Alternative Models for Anticancer Drug Discovery From Natural Products Using Binary Tumor-Microenvironment-on-a-Chip

The efficacy evaluation of anticancer drugs derived from natural products has traditionally relied on animal models, highlighting the need for more efficient preclinical assessment platforms. In this study, a binary tumor-microenvironment-on-a-chip (T-MOC) system is introduced to assess the therapeutic potential of illudin S and roridin E, two cytotoxic compounds derived from Omphalotus japonicus and Podostroma cornu-damae, respectively. The binary T-MOC model integrates independently developed vascular and invasive ductal carcinoma compartments, effectively mimicking in vivo drug delivery barriers and physiological dynamics.

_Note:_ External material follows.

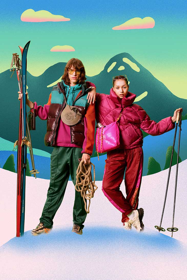 The film is about the magical transformation of a cable car into a “space” disco suspended in a remote galaxy, where the boredom of waiting turns into a crazy, wild dance, which none of the passengers can sit out. OOF WEAR immediately becomes of extra-terrestrial interest. Passengers sport the new collection: long puffer coats in pop shades and jackets bright with colour, floral and spotted patterns featuring original material combinations. Cosy eco-fur, perfect for her but also ideal for him, alongside padded jackets in bright nylon that conceal a completely recycled soul. Pants reinterpret the technical approach in a colour-block version with sportswear details while maintaining an 80’s vintage vibe, and come in a range of fits from slim leggings to loose and baggy. – from OOF WEAR

Using this model, illudin S demonstrates strong anticancer effects but exhibits high toxicity, particularly in the lung and liver, indicating a narrow therapeutic window. Roridin E demonstrates potent activity at low concentrations but exhibits high toxicity, especially in the liver and skin. Additionally, morphological analysis is performed to predict drug delivery and distribution characteristics, revealing anisotropic remission and the influence of microenvironmental factors on drug response. This study underscores the potential of the binary T-MOC system as an alternative platform for anticancer drug evaluation, enabling efficient preclinical validation while reducing reliance on animal models.